Floating point numbers have a limited precision. When objects are very large (kilometers) or very small (micrometers), these precision issues become visible.

Solution:

  • If the object has a "normal" size (something like 1 cm to 1 km), but was scaled up/down by a huge amount, try to apply the scale (Ctrl+A -> Scale). For example, this often happens with imported CAD models.
  • If applying the scale did not help and your object has to be very small or large, consider to bring it into the normal scale mentioned above, and pretend that it has a larger/smaller size. For example, if you make a model of the solar system, you will just have to make the earth something like 12.742 m in diameter, and pretend that 1 m of your model is equal to 10^6 m.
  • If both options above are not usable in your case, you can raise the minimum epsilon that LuxCore uses. This setting can be found in the scene properties, Units panel, after clicking "Advanced LuxCore Settings". By default, the minimum epsilon is 0.00001. Try to raise it to 0.0001 (multiply by 10) for a start and see if the artifacts disappear. Do not set this value higher than necessary, because it will cause all sorts of hard-to-track problems. Be especially careful if you are rendering a scene with volumes.

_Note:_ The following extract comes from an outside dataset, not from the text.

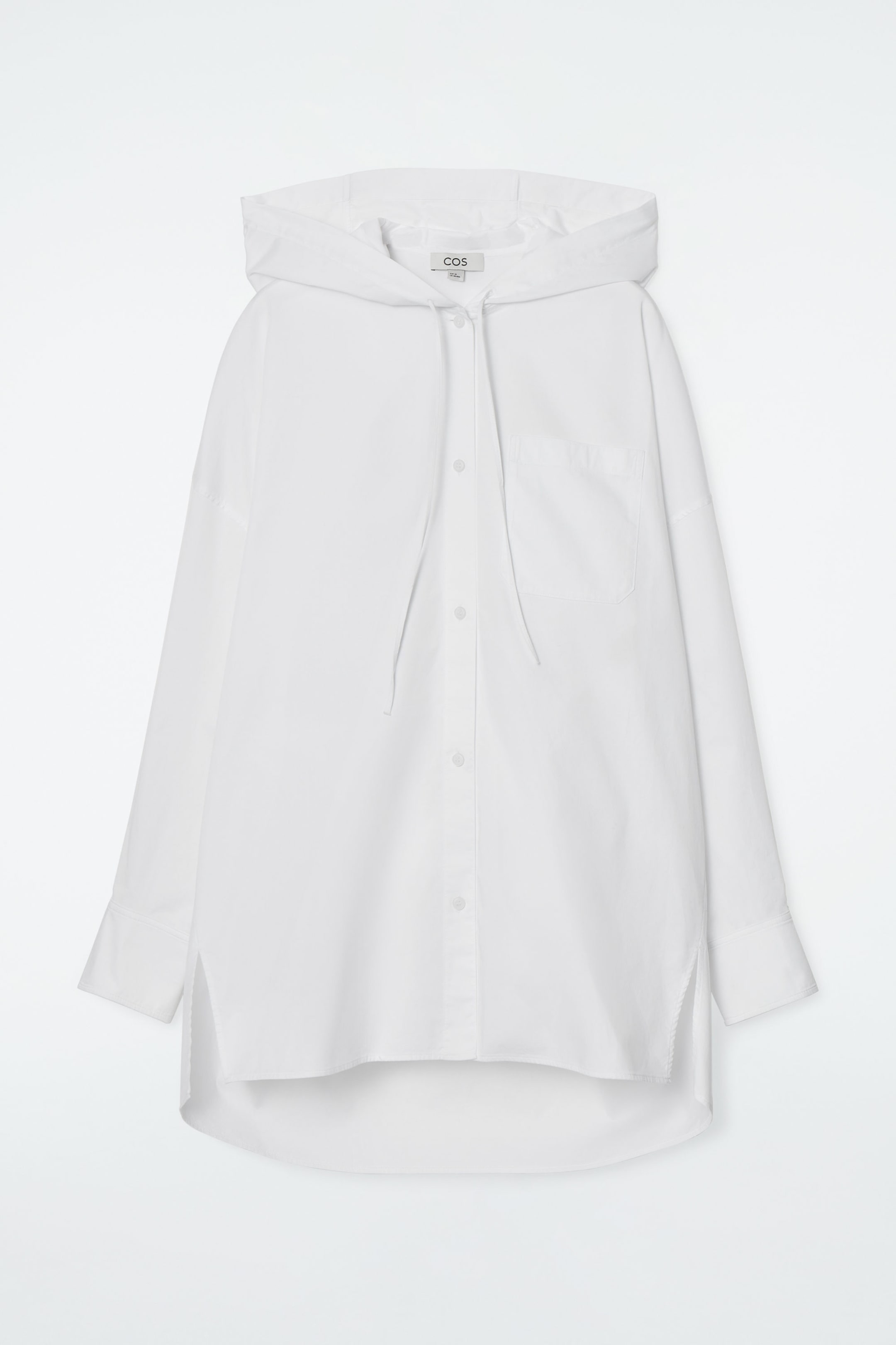 Nytolkningar av pålitliga basplagg präglar COS damkollektion den här säsongen. Den här moderna skjortan är skräddad med oversize-passform av poplin i en mjuk bomullsblandning. Designen har en omslutande huva med dragsko istället för klassisk krage. Den rymliga siluetten är försedd med nedsänkta axelsömmar och voluminösa ärmar som smalnar av vid manschetterna.

An object that I set to "smooth shading" looks like it is shaded flat in shadow penumbras

This artifact is called "terminator problem".

Solution: Unfortunately there is no real solution. You can only try to mitigate the effect by subdividing the geometry further and/or increase the size of the light source that is causing the problem.

How do I setup liquid in a glass container correctly?

This forum thread shows an example: https://forums.luxcorerender.org/viewtopic.php?f=4&t=728#p7550

Getting Help

If none of the above entries helped to solve your problem, consider asking in the user support forum or filing a bug report.